### Collected data
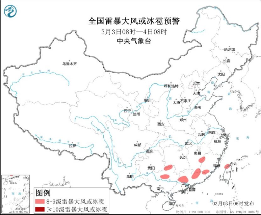 此外,未来三天,南方大部地区有小到中雨,其中,江南东部和南部、华南东部和北部、台湾岛等地的部分地区有大雨,局地暴雨。预计,3月3日08时至4日08时,湖南西南部、江西东部和南部、福建西部和南部、广西东北部、广东中北部、台湾岛北部等地的部分地区将有8级以上雷暴大风或冰雹天气,局地风力可达10级;湖南南部、江西中南部、浙江南部、福建北部和东南部、贵州东南部、广西中北部、广东大部、台湾岛中北部等地的部分地区将有小时雨量大于20毫米的短时强降水天气,局地小时雨量可达50毫米(见图4)。中央气象台3月3日06时继续发布强对流天气蓝色预警。
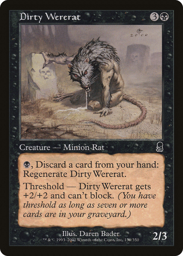 {B}, Discard a card: Regenerate this creature. Threshold – As long as seven or more cards are in your graveyard, this creature gets +2/+2 and can’t block.
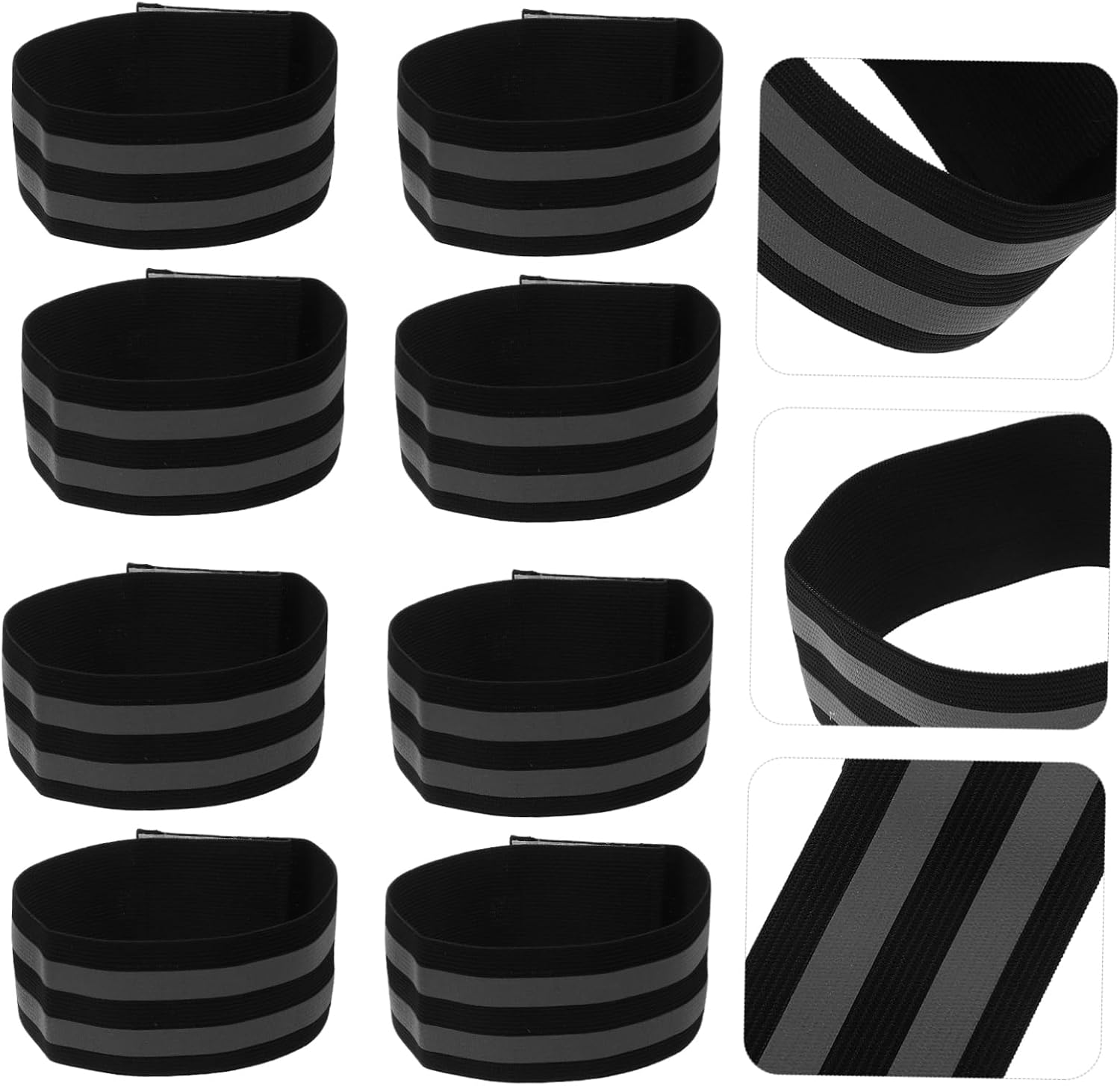 Package Include 10 x reflective bands Features -Color:Black reflective belt for running -Material:Elastic band running strap -Size:34.00X5.00X0.50cm/13.36X1.97X0.20in visibility reflective straps -Size:14.30X5.00X0.50cm/5.62X1.97X0.20in walking reflective strap - Luminous Night Strap is perfect present for your friends and sports lovers reflective arm straps. - High visibility in the dark and at night. You can see the reflective strap from any degrees. To keep from getting hurt reflective band for outdoor. - Adjustable band. It is elastic, which can be adjusted conveniently to your size sports reflective strap. - Made from carefully selected material, it is user-friendly and reusable. Highly reflective. for night walking and running outside reflective walking gear. - Easy to use. Reflective design allows you to stand out when running at night, providing security safety reflective straps.Goods Informationreflective belt for riding The Reflective Band has good elasticity and stretchy for most people.wrist strap Made from stable material, suitable for your night walking and running.sports reflective strap It is a for those outdoor activities enthusiasts.high visibility reflective band Also, it is great for runners, and cyclists
######
## Task to carry out
Write out the listing above again, exactly, but with no pictures in the copy.

## Response
 此外,未来三天,南方大部地区有小到中雨,其中,江南东部和南部、华南东部和北部、台湾岛等地的部分地区有大雨,局地暴雨。预计,3月3日08时至4日08时,湖南西南部、江西东部和南部、福建西部和南部、广西东北部、广东中北部、台湾岛北部等地的部分地区将有8级以上雷暴大风或冰雹天气,局地风力可达10级;湖南南部、江西中南部、浙江南部、福建北部和东南部、贵州东南部、广西中北部、广东大部、台湾岛中北部等地的部分地区将有小时雨量大于20毫米的短时强降水天气,局地小时雨量可达50毫米(见图4)。中央气象台3月3日06时继续发布强对流天气蓝色预警。
 {B}, Discard a card: Regenerate this creature. Threshold – As long as seven or more cards are in your graveyard, this creature gets +2/+2 and can’t block.
 Package Include 10 x reflective bands Features -Color:Black reflective belt for running -Material:Elastic band running strap -Size:34.00X5.00X0.50cm/13.36X1.97X0.20in visibility reflective straps -Size:14.30X5.00X0.50cm/5.62X1.97X0.20in walking reflective strap - Luminous Night Strap is perfect present for your friends and sports lovers reflective arm straps. - High visibility in the dark and at night. You can see the reflective strap from any degrees. To keep from getting hurt reflective band for outdoor. - Adjustable band. It is elastic, which can be adjusted conveniently to your size sports reflective strap. - Made from carefully selected material, it is user-friendly and reusable. Highly reflective. for night walking and running outside reflective walking gear. - Easy to use. Reflective design allows you to stand out when running at night, providing security safety reflective straps.Goods Informationreflective belt for riding The Reflective Band has good elasticity and stretchy for most people.wrist strap Made from stable material, suitable for your night walking and running.sports reflective strap It is a for those outdoor activities enthusiasts.high visibility reflective band Also, it is great for runners, and cyclists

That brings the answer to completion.